3.2. Statistical Analysis
The analyzed data followed univariate normal distribution, which allowed us to use parametric tests. Quantitative data and cognitive scores were expressed as mean and standard deviation values and categorical variables as counts and percentage values. The Student t test was used for comparisons between mean values, and the chi-square test (or Fisher’s exact test) was used for categorical data. The significance level was set at 5% (p < 0.05), and the Statistical Package for the Social Sciences (SPSS) version 17.0 was used for data analysis.

4. Results

The demographic characteristics of all the study patients are described in Table 1. There were no differences between groups with respect to gender, educational level, and presence of deficit in the adrenal, gonadal, somatotropic, or thyroid axis, although thyroid deficiency showed a trend toward significance (p < 0.076).

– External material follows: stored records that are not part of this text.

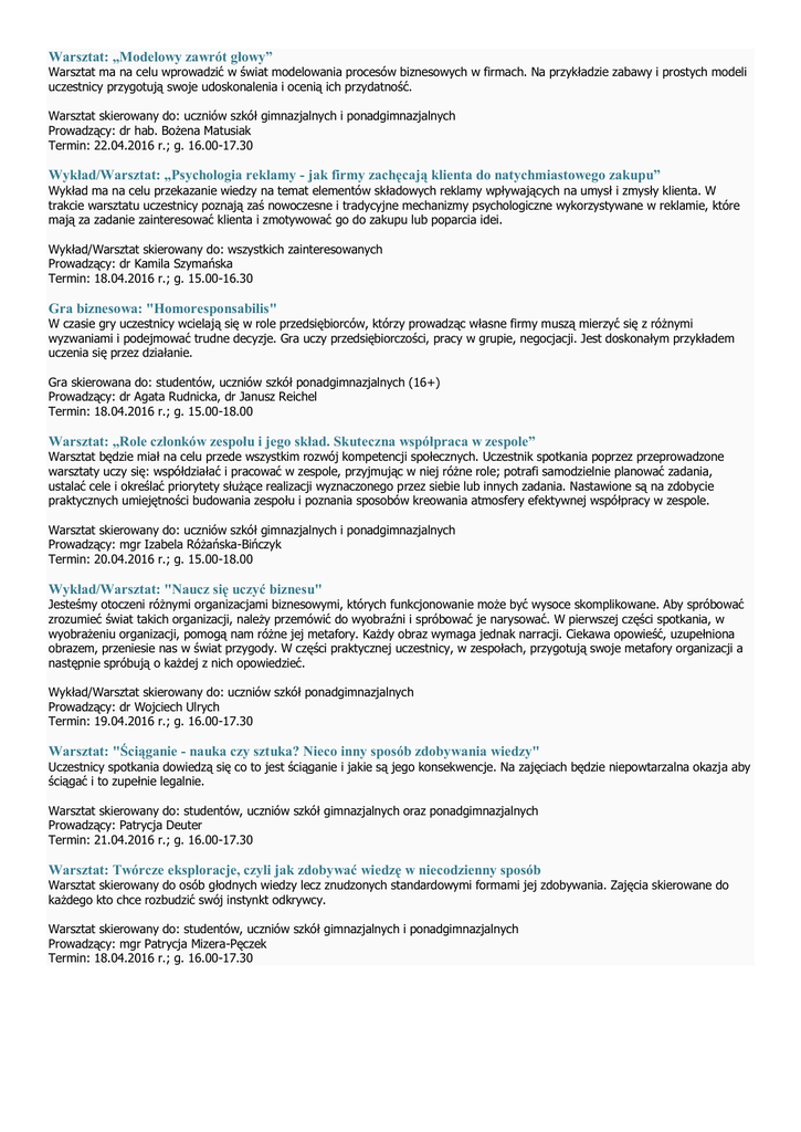 Warsztat: „Modelowy zawrót głowy” Warsztat ma na celu wprowadzić w świat modelowania procesów biznesowych w firmach. Na przykładzie zabawy i prostych modeli uczestnicy przygotują swoje udoskonalenia i ocenią ich przydatność. Warsztat skierowany do: uczniów szkół gimnazjalnych i ponadgimnazjalnych Prowadzący: dr hab. Bożena Matusiak Termin: 22.04.2016 r.; g. 16.00-17.30 Wykład/Warsztat: „Psychologia reklamy - jak firmy zachęcają klienta do natychmiastowego zakupu” Wykład ma na celu przekazanie wiedzy na temat elementów składowych reklamy wpływających na umysł i zmysły klienta. W trakcie warsztatu uczestnicy poznają zaś nowoczesne i tradycyjne mechanizmy psychologiczne wykorzystywane w reklamie, które mają za zadanie zainteresować klienta i zmotywować go do zakupu lub poparcia idei. Wykład/Warsztat skierowany do: wszystkich zainteresowanych Prowadzący: dr Kamila Szymańska Termin: 18.04.2016 r.; g. 15.00-16.30 Gra biznesowa: "Homoresponsabilis" W czasie gry uczestnicy wcielają się w role przedsiębiorców, którzy prowadząc własne firmy muszą mierzyć się z różnymi wyzwaniami i podejmować trudne decyzje. Gra uczy przedsiębiorczości, pracy w grupie, negocjacji. Jest doskonałym przykładem uczenia się przez działanie. Gra skierowana do: studentów, uczniów szkół ponadgimnazjalnych (16+) Prowadzący: dr Agata Rudnicka, dr Janusz Reichel Termin: 18.04.2016 r.; g. 15.00-18.00 Warsztat: „Role członków zespołu i jego skład. Skuteczna współpraca w zespole” Warsztat będzie miał na celu przede wszystkim rozwój kompetencji społecznych. Uczestnik spotkania poprzez przeprowadzone warsztaty uczy się: współdziałać i pracować w zespole, przyjmując w niej różne role; potrafi samodzielnie planować zadania, ustalać cele i określać priorytety służące realizacji wyznaczonego przez siebie lub innych zadania. Nastawione są na zdobycie praktycznych umiejętności budowania zespołu i poznania sposobów kreowania atmosfery efektywnej współpracy w zespole. Warsztat skierowany do: uczniów szkół gimnazjalnych i ponadgimnazjalnych Prowadzący: mgr Izabela Różańska-Bińczyk Termin: 20.04.2016 r.; g. 15.00-18.00 Wykład/Warsztat: "Naucz się uczyć biznesu" Jesteśmy otoczeni różnymi organizacjami biznesowymi, których funkcjonowanie może być wysoce skomplikowane. Aby spróbować zrozumieć świat takich organizacji, należy przemówić do wyobraźni i spróbować je narysować. W pierwszej części spotkania, w wyobrażeniu organizacji, pomogą nam różne jej metafory. Każdy obraz wymaga jednak narracji. Ciekawa opowieść, uzupełniona obrazem, przeniesie nas w świat przygody. W części praktycznej uczestnicy, w zespołach, przygotują swoje metafory organizacji a następnie spróbują o każdej z nich opowiedzieć. Wykład/Warsztat skierowany do: uczniów szkół ponadgimnazjalnych Prowadzący: dr Wojciech Ulrych Termin: 19.04.2016 r.; g. 16.00-17.30 Warsztat: "Ściąganie - nauka czy sztuka? Nieco inny sposób zdobywania wiedzy" Uczestnicy spotkania dowiedzą się co to jest ściąganie i jakie są jego konsekwencje. Na zajęciach będzie niepowtarzalna okazja aby ściągać i to zupełnie legalnie. Warsztat skierowany do: studentów, uczniów szkół gimnazjalnych oraz ponadgimnazjalnych Prowadzący: Patrycja Deuter Termin: 21.04.2016 r.; g. 16.00-17.30 Warsztat: Twórcze eksploracje, czyli jak zdobywać wiedzę w niecodzienny sposób Warsztat skierowany do osób głodnych wiedzy lecz znudzonych standardowymi formami jej zdobywania. Zajęcia skierowane do każdego kto chce rozbudzić swój instynkt odkrywcy. Warsztat skierowany do: studentów, uczniów szkół gimnazjalnych i ponadgimnazjalnych Prowadzący: mgr Patrycja Mizera-Pęczek Termin: 18.04.2016 r.; g. 16.00-17.30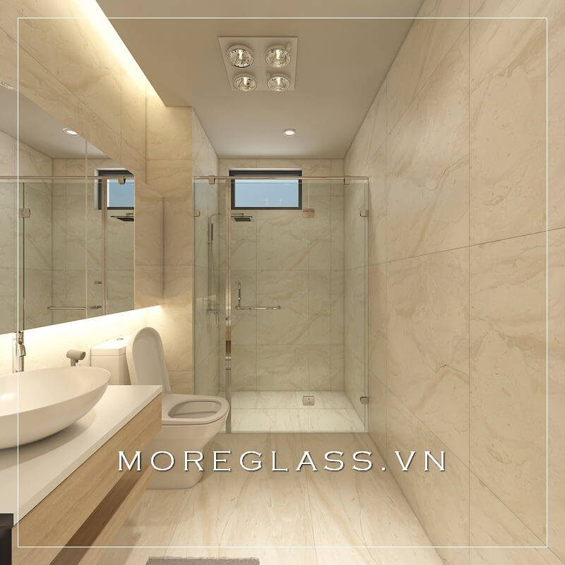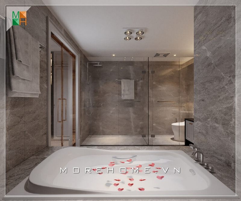 Nhà tắm và WC được phân chia bởi một vách kính cường lực để tạo ra một thiết kế nhà tắm thông minh và sang trọng.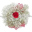 Уменьшенный: роза красная - 1 шт, гипсофила - 3 шт, фетр розовый.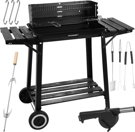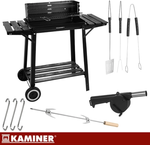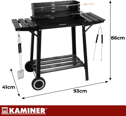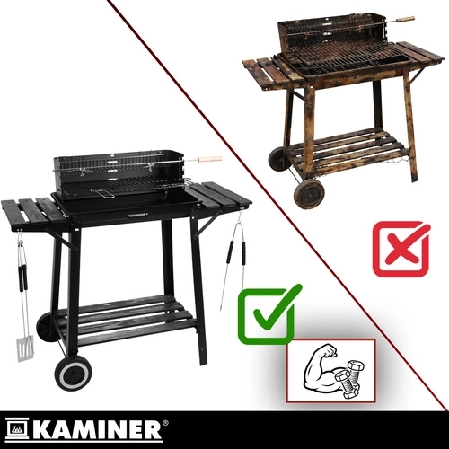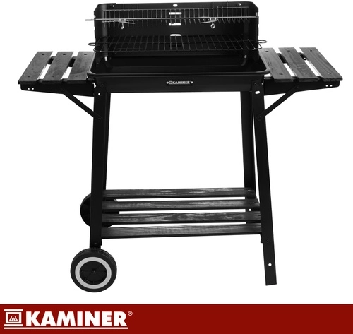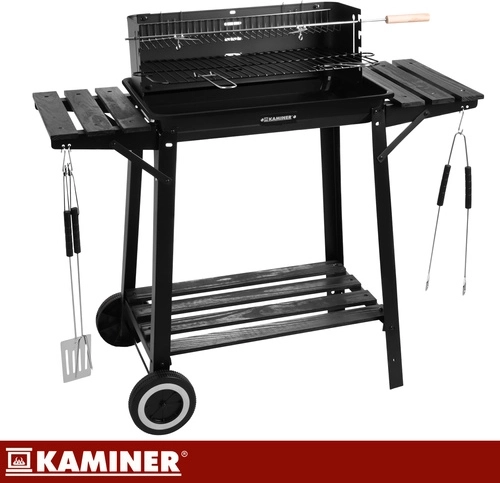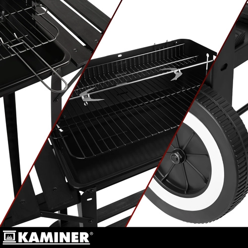 Stabilný a prenosný záhradný gril KAMINER ponúka hlavný chrómovaný rošt, horný ohrievací rošt a ražeň s vidlicou pre rovnomerné pečenie. Vďaka odkladacím policiam, háčikom na náradie a kolesám pre ľahké presúvanie si užijete pohodlné grilovanie a rýchlejší upratovanie.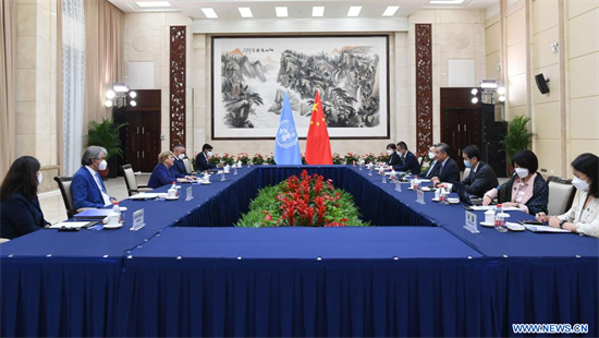 Le conseiller d'Etat et ministre des Affaires étrangères de la Chine, Wang Yi, a rencontré, lundi à Guangzhou, Michelle Bachelet, la Haute-Commissaire des Nations unies aux droits de l'homme.

The assessment of concomitant deficiency in 3 or more hormonal axes also revealed no differences between groups. When the tests were performed, the mean time since surgery or since the first surgery, if there were multiple surgeries, was 10 ± 5 years (2–25 years), and the mean time since radiotherapy was 10 ± 6 years (1–25 years). Of the 36 patients, 18 (50%) were diagnosed with nonfunctioning adenoma, 12 (33%) with GH-secreting adenoma, 5 (14%) with prolactin-producing adenoma, and 1 (3%) with ACTH-producing adenoma (Cushing’s disease). The results for cognitive function, anxiety, and depression are shown in Table 2.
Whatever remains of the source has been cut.